Permutation Equivariant Neural Controlled Differential Equations for Dynamic Graph Representation Learning

TL;DR

This paper introduces permutation equivariant neural graph CDEs that efficiently model dynamic graphs, reducing parameters and enhancing performance in both simulated and real-world tasks.

Contribution

It proposes a novel permutation equivariant extension of Graph Neural CDEs, improving efficiency and generalization in dynamic graph representation learning.

Findings

Reduced parameter count without loss of accuracy

Improved performance in interpolation tasks

Enhanced generalization in real-world dynamic graph tasks

Abstract

Dynamic graphs exhibit complex temporal dynamics due to the interplay between evolving node features and changing network structures.
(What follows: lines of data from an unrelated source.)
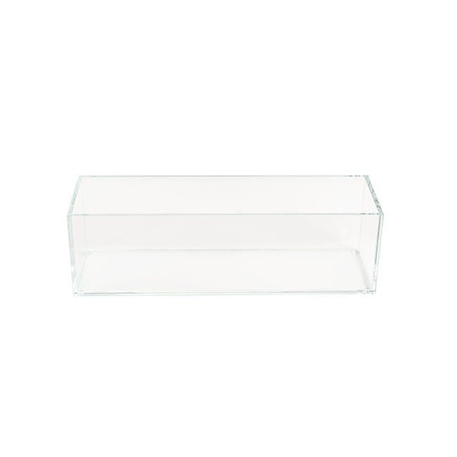 This clear vase measures 6mm thick, 40cm wide, 12cm deep, and 12cm high. Internally, this vase measures 11.5cm tall, 39.3cm wide, and 10.8cm deep. Each corner of the base has a clear rubber pad. This vase is also available in a smaller size.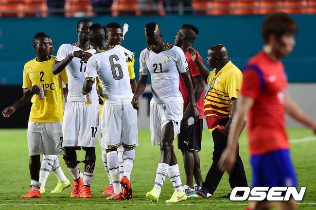 경기 종료 후 가나 대표팀 선수들이 기쁨을 나누며 경기장을 빠져나가고 있다.
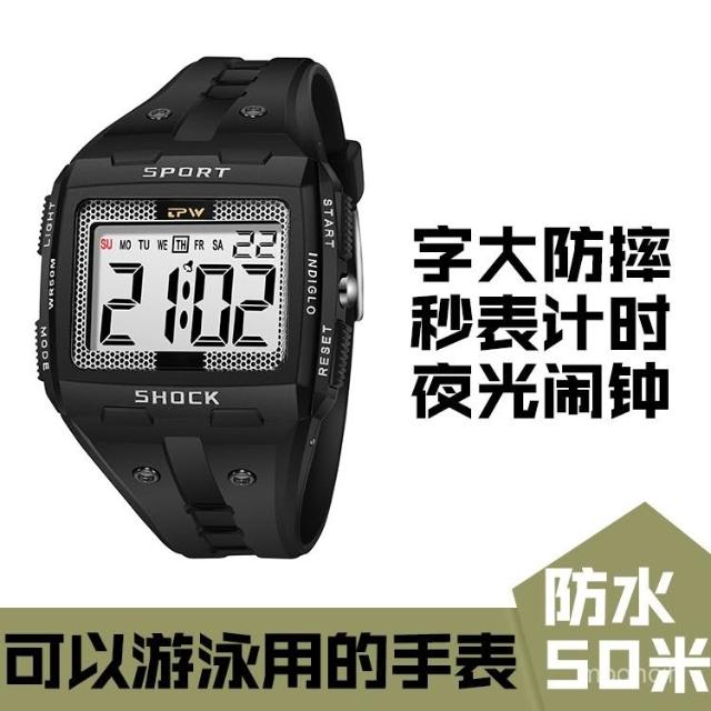 偉偉錶錶 TPW50米遊泳防水大數字運動電子手錶夜光男士青少年多功能錶時尚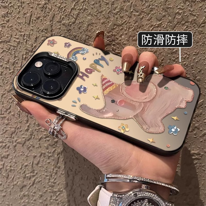 油画大象适用苹果16手机壳15新款14可爱清新13卡通12磨砂11保防摔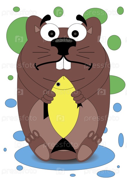 Бобер держит в лапах золотую рыбку
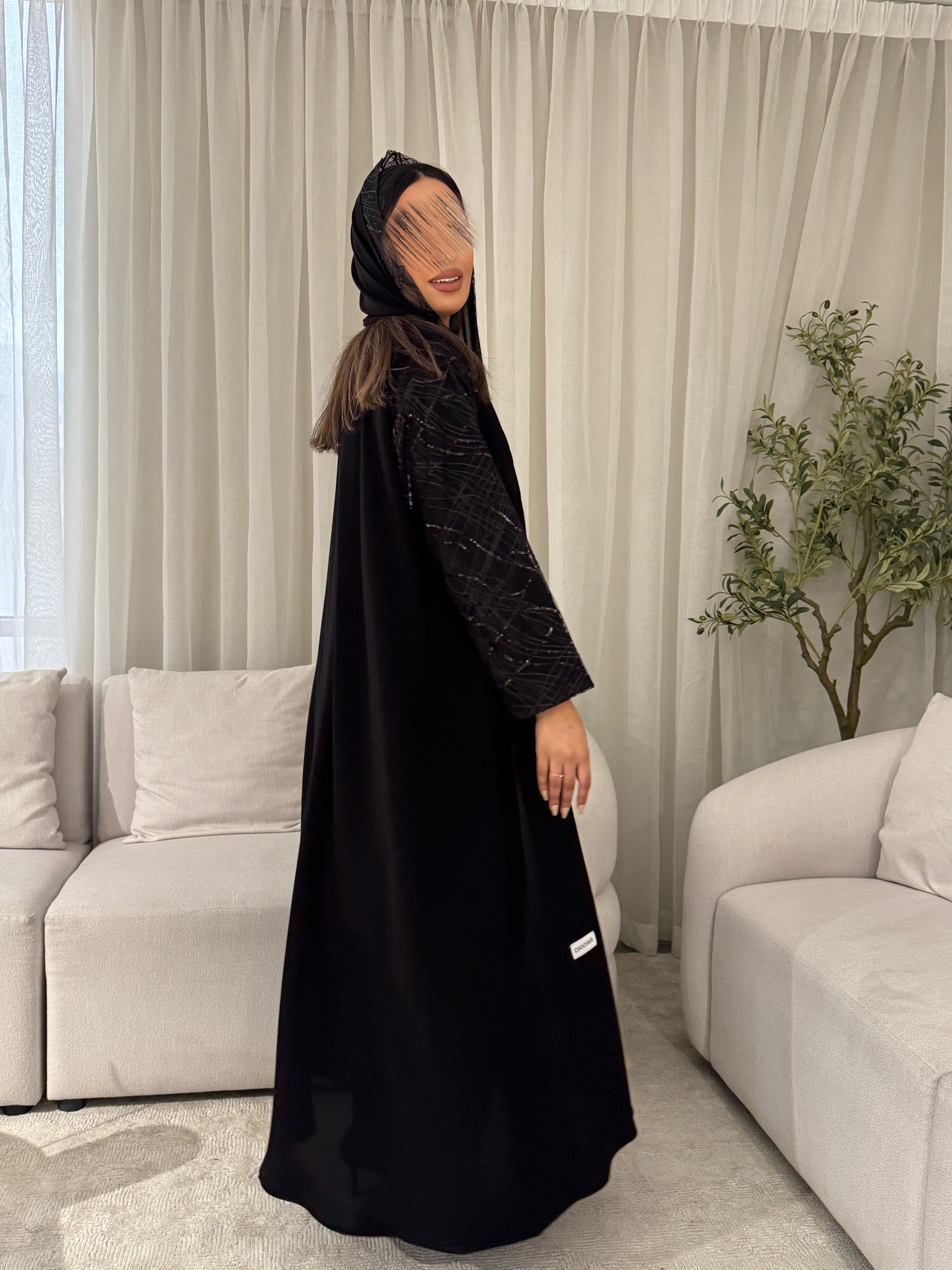 ✔ قماش كريب ملكي أسود ناعم، لا يحتاج للكوي، بسواد عالي وفاحم يمنحك إطلالة فخمة.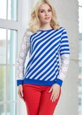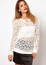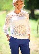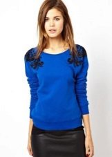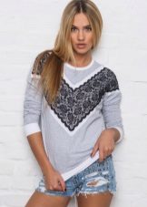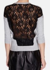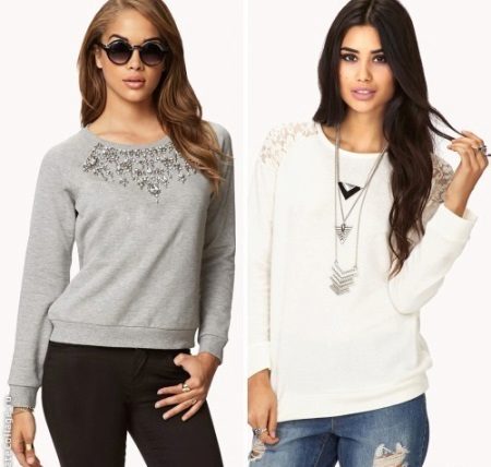 Lace, on the contrary, brings tenderness and softness. They may be present on the product as patches on the shoulders, sleeves, stomach or any other part. And they can be completely or partially, for example, on the back, replaced by lace patterns. Often from the sweatshirt there are only elastic bands on the sleeves and the belt.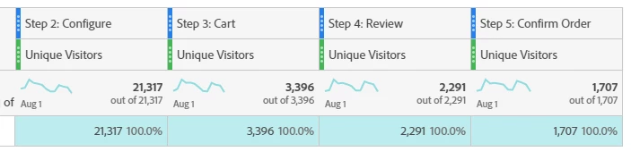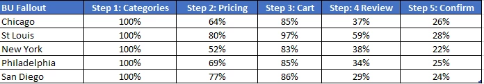 The ultimate goal here is to show a table of 200 geographic business units with their fallout % at each step of the purchase process so we can look for anomalies. In a fallout chart I can add the business units and show the comparison in the chart but more than 10 at a time is too much.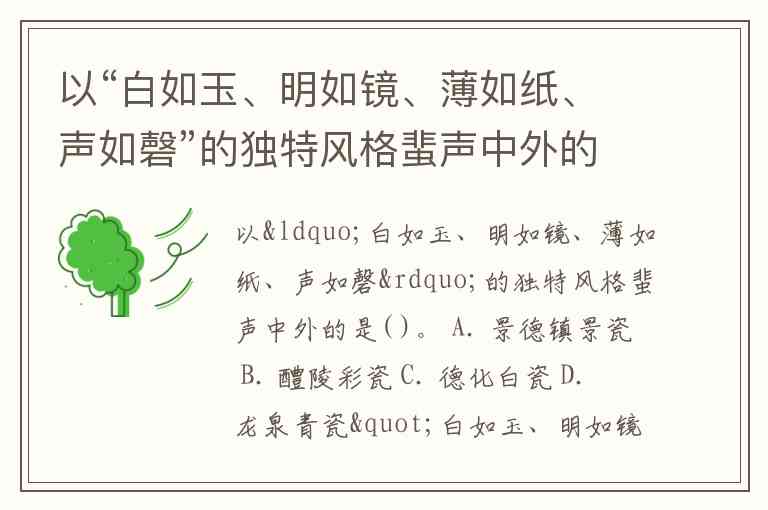 以“白如玉、明如镜、薄如纸、声如磬”的独特风格蜚声中外的是( )。 A. 景德镇景瓷 B. 醴陵彩瓷 C. 德化白瓷 D. 龙泉青瓷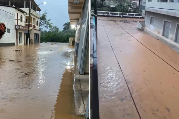 Rio Iconha atinge 3,5 metros e transborda no centro da cidade, alagando três ruas nesta sexta (27); água já começou a baixar e não há registro de desabrigados.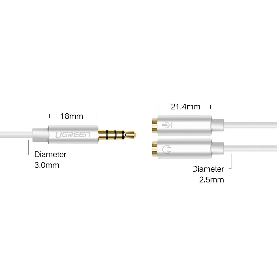 Ugreen 3.5mm Headphone Splitter with Microphone - 20cm Silver AUX Cable
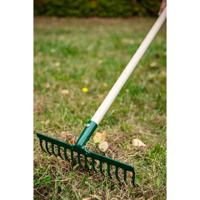 Граблі універсальні прямі, 14 зубців, клепана головка, дерев'яна ручка 15G057 від VERTO - це граблі з 14 практичними зубцями, розташованими на клепаній головці. Дерев'яна пряма ручка забезпечує зручність використання. Граблі марки VERTO характеризуються загальною довжиною 1400 мм і вагою 1,4 кг. Рекомендуються для багатьох застосувань.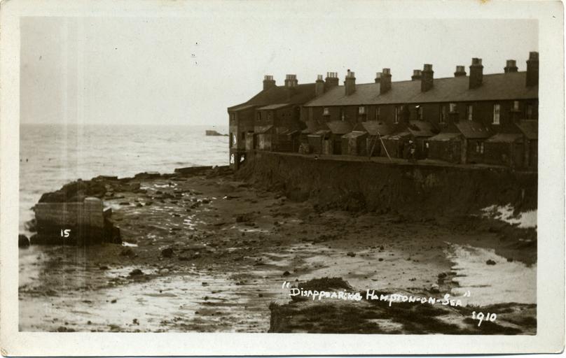 Keywords: Fred C Palmer Hernecliffe Gardens Hampton-on-Sea 011.jpg Postcard dated 1910 showing the back of Hernecliffe Gardens terrace in the process of sea erosion Photographed looking north-east from the shore at Hampton-on-Sea Herne Bay Kent England Border The remaining border of this image is important for researchers of this photographer Some photographers trimmed their images more than others and Palmer has a reputation for producing smaller postcards than other early 20th century UK photographers He took his own photos developed them in-house onto postcard-backed photographic paper and trimmed them himself It is worth adding that during hand-developing the border is actively masked with equipment which both crops the picture and causes the white frame or border to appear on the paper This frame is part of the design and is one of the reasons why the quality of Palmer's work is so interesting and why there is an article and category for him on English Wiki Researchers need to see exactly where the edge of the postcard is This postcard has no white frame but the edge of the card is the edge of the composition Thank you for taking the time to read this ;Points of interest The end of the old derelict Hampton Pier can be seen behind the houses The terrace is derelict and about to be demolished Scan of postcard 1910 Fred C Palmer d 1941 out of copyright Other views of the same subject are File Hampton-on-Sea 1910 023 jpg and File Hampton on Sea 1911 125 jpg PD-old-70-1923 Hampton-on-Sea Erosion in the United Kingdom Disasters Buildings in Kent Fred C Palmer of Herne Bay |

Recently, Graph Neural Controlled Differential Equations (Graph Neural CDEs) successfully adapted Neural CDEs from paths on Euclidean domains to paths on graph domains. Building on this foundation, we introduce Permutation Equivariant Neural Graph CDEs, which project Graph Neural CDEs onto permutation equivariant function spaces. This significantly reduces the model's parameter count without compromising representational power, resulting in more efficient training and improved generalisation. We empirically demonstrate the advantages of our approach through experiments on simulated dynamical systems and real-world tasks, showing improved performance in both interpolation and extrapolation scenarios.